**Records for the exercise**
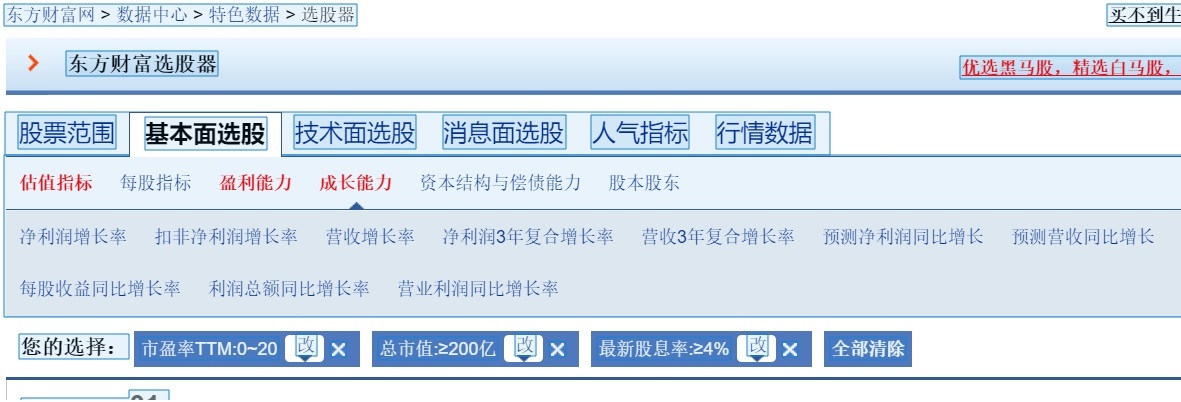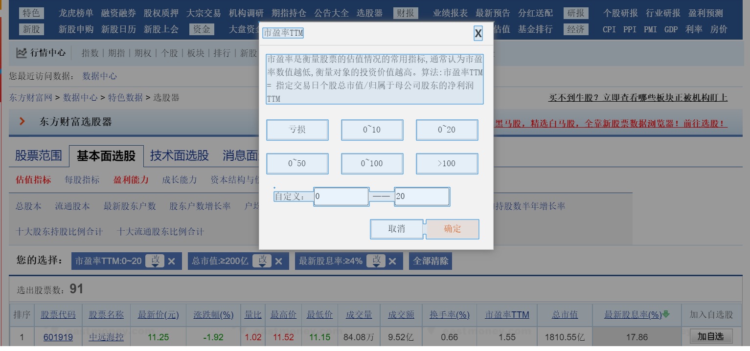 3.点开后,可以对具体的数值进行调整,也可以增加筛选条件,或者减少筛选条件,这些都是基本面选股的内容。
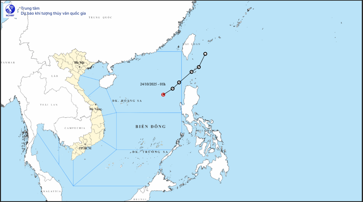 Theo Đài Khí tượng Thủy văn Nam bộ, đêm hôm qua (23/10), áp thấp nhiệt đới đã suy yếu thành một vùng áp thấp trên vùng biển phía Đông khu vực Bắc Biển Đông.
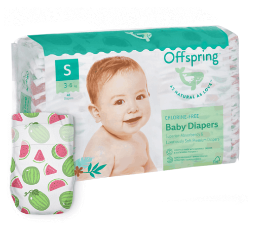 Offspring Подгузники 3-6кг 48шт Арбузы - первые подгузники, которые сочетают в себе безопасный состав и эко-подход скандинавских подгузников, и мягкость и комфорт азиатских. Стильные и безопасные подгузники Offspring созданы в Австралии в ответ на реальные желания современных мам и пап — быть уверенными в безопасности и удобстве их малышей. Offspring - тонкие, мягкие и ультравпитываюшие подгузники без хлора: Offspring производятся по японской технологии с использованием лучшего японского суперабсорбента по стандартам качества ISO 9001 & ISO 1400, поэтому отлично впитывают и не пропускают влагу.
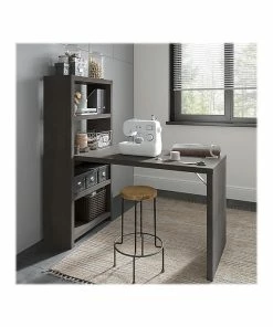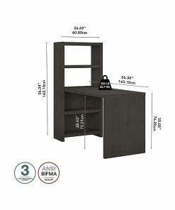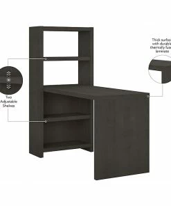 The Office by kathy irelandยฎ Echo bookcase desk brightens the workspace, kitchen, or craft room with a contemporary charm and unique space-saving design. Equal parts fashion and function, the bookcase desk offers two adjustable shelves for decoration or organization. Appealing to the modern small business or remote worker, an elegant finish inspires while a thermally fused laminate surface endures years of everyday use. Set up your laptop on the desk as you store work materials, books, and all the accessories to make you feel at home on the bookcase shelves. An attractive fit for more than just the office, the clever bookcase desk provides a compact solution as a craft table or dining table. The bookcase desk comes with a 3-year manufacturer warranty and meets the ANSI/BIFMA quality standards. Celebrate your unique style and personality with Echo.
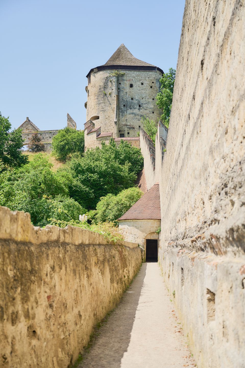 Ein extra beeindruckender Spazierweg beginnt am Eingang des Wöhrseebads. Man spaziert zwischen den mächtigen und engen Mauern des historischen Wehrgangs (auch „heimblicher Gang“ genannt) und weiter über einen schmalen Steig zum Pulverturm.

**About this task**
Make an exact copy of all the material, but keep the pictures out of it.

**Task result**
 3.点开后,可以对具体的数值进行调整,也可以增加筛选条件,或者减少筛选条件,这些都是基本面选股的内容。
 Theo Đài Khí tượng Thủy văn Nam bộ, đêm hôm qua (23/10), áp thấp nhiệt đới đã suy yếu thành một vùng áp thấp trên vùng biển phía Đông khu vực Bắc Biển Đông.
 Offspring Подгузники 3-6кг 48шт Арбузы - первые подгузники, которые сочетают в себе безопасный состав и эко-подход скандинавских подгузников, и мягкость и комфорт азиатских. Стильные и безопасные подгузники Offspring созданы в Австралии в ответ на реальные желания современных мам и пап — быть уверенными в безопасности и удобстве их малышей. Offspring - тонкие, мягкие и ультравпитываюшие подгузники без хлора: Offspring производятся по японской технологии с использованием лучшего японского суперабсорбента по стандартам качества ISO 9001 & ISO 1400, поэтому отлично впитывают и не пропускают влагу.
 The Office by kathy irelandยฎ Echo bookcase desk brightens the workspace, kitchen, or craft room with a contemporary charm and unique space-saving design. Equal parts fashion and function, the bookcase desk offers two adjustable shelves for decoration or organization. Appealing to the modern small business or remote worker, an elegant finish inspires while a thermally fused laminate surface endures years of everyday use. Set up your laptop on the desk as you store work materials, books, and all the accessories to make you feel at home on the bookcase shelves. An attractive fit for more than just the office, the clever bookcase desk provides a compact solution as a craft table or dining table. The bookcase desk comes with a 3-year manufacturer warranty and meets the ANSI/BIFMA quality standards. Celebrate your unique style and personality with Echo.
 Ein extra beeindruckender Spazierweg beginnt am Eingang des Wöhrseebads. Man spaziert zwischen den mächtigen und engen Mauern des historischen Wehrgangs (auch „heimblicher Gang“ genannt) und weiter über einen schmalen Steig zum Pulverturm.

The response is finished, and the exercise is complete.